Assuring Continuously Evolving Software Systems. When we consider the software-reliant systems of today, we see that they are not static (or even infrequently updated) engineering artifacts. Instead, they are fluid—meaning that they are expected to undergo almost continuous updates and improvements and be shown to still work. As LLMs are taking software development by storm there are two key changes occurring that influence assurance. This new generation of tools (an increasing number of which are empowered by LLMs) is increasingly adept at generating error-free code, especially for trivial implementation tasks. Moreover, these tools are also increasingly capable of generating surprising recommendations that may themselves create additional assurance concerns. The goal of this research area therefore is to develop a theory and practice of rapid and assured software evolution that enables efficient and bounded re-assurance of continuously evolving systems, recognizing that generated systems may have less trivial errors while including other harder-to-spot concerns that may create more complicated assurance problems.

Software Construction through Compositional Correctness. As the scope and scale of software-reliant systems continues to grow and change continuously, the complexity of these systems makes it unrealistic for any one person or group to understand the entire system (or system-of-systems). It is therefore necessary to integrate (and continually re-integrate) software-reliant systems using technologies and platforms that support the composition of modular components. This composition is particularly hard since many components reused from existing elements were not designed for integration or co-evolution. The goal of this research area is to create methods and tools that enable the intelligent specification and enforcement of composition rules that allow (1) the creation of required behaviors (both functionality and quality attributes) and (2) the assurance of these behaviors at scale.

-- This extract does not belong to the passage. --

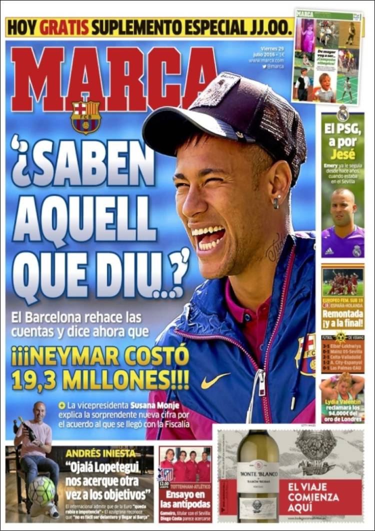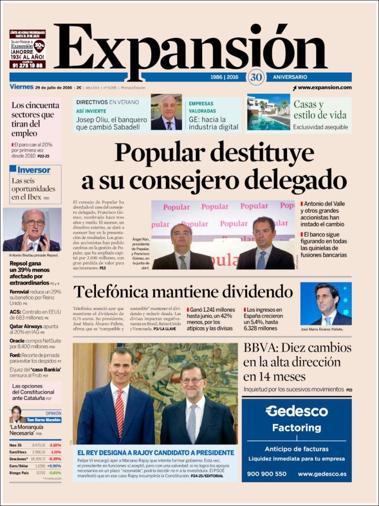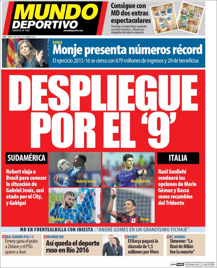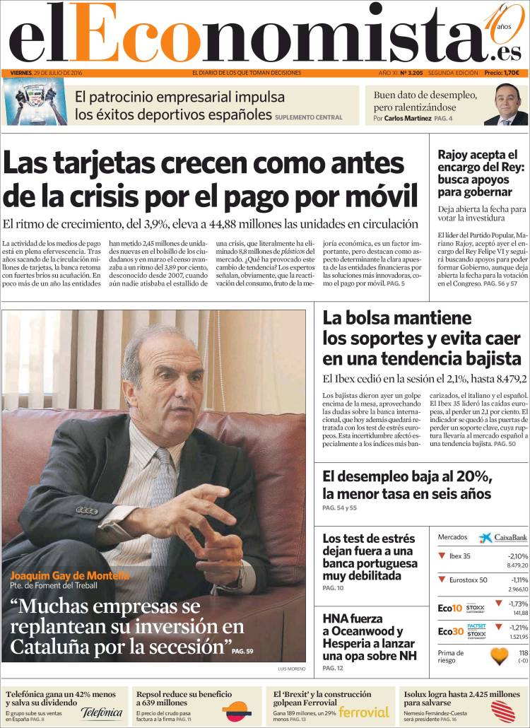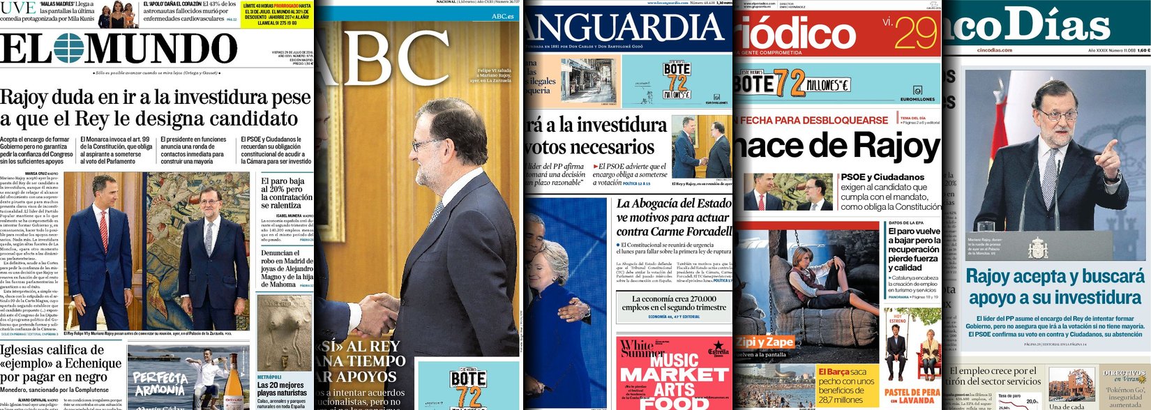 Portadas de los diarios El Mundio, El País, ABC, La Razón, La Vanguardia, El Periódico, Cinco Días, El Economista, Expansión, Marca, AS, Mundo Deportivo y Sport.

Engineering AI-enabled Software Systems. AI-enabled systems, which are software-reliant systems that include AI and non-AI components, have some inherently different characteristics than those without AI, particularly with respect to non-determinism and emergent behavior. These include but are not limited to emergent behavior, extreme dependence on data, and designing for explainability and fairness. Above all, however, AI-enabled systems share many parallels with developing and sustaining conventional software-reliant systems. Many future systems will likely either contain AI-related components, including but not limited to LLMs, or will interface with other systems that execute capabilities using AI. Many existing and legacy systems will also face pressures to evolve and include AI-related components. Continuous monitoring and rapid change management will be key in the development and sustainment of such systems. This research area, therefore, must focus on exploring which existing software engineering practices can reliably support the development of AI systems and the ability to assess their output, as well as identifying and augmenting software engineering techniques for specifying, architecting, designing, analyzing, deploying, and sustaining AI-enabled software systems.

Engineering Socio-Technical Systems. Societal-scale software systems, such as today’s ubiquitous social media systems, are designed to engage and influence users. A key challenge in engineering societal-scale systems is predicting outcomes of socially-inspired quality attributes that arise when humans represent integral components of the system. As generative AI makes rapid progress, these societal-scale software systems are also prone to abuse and misuse by AI-enabled bad actors via techniques such as chatbots imitating humans, deep fakes, and vhishing. The goal is to leverage insights from other fields, such as the social sciences, as well as regulators and legal professionals to build and evolve societal-scale software systems that consider these challenges and attributes.

Engineering Quantum Computing Software Systems. Advances in software engineering for quantum are as important as the hardware advances. Systems are increasingly heterogeneous computing environments and quantum computing is one example of new and emerging computational models. The goals of this research area are to first enable the programming of current quantum computers more easily and reliably and then enable increasing abstraction as larger, fully fault-tolerant quantum computing systems become available. A key challenge is to create approaches that integrate different types of computational devices into predictable systems and a unified software development lifecycle.

Research and Enactment Recommendations to Catalyze Change

Catalyzing change that advances software engineering will yield more trustworthy and capable software-reliant systems. The research focus areas shown in Figure 1 led to a set of research recommendations needed to catalyze change, which are followed by enactment recommendations that focus on people, investment, and sustainment are needed.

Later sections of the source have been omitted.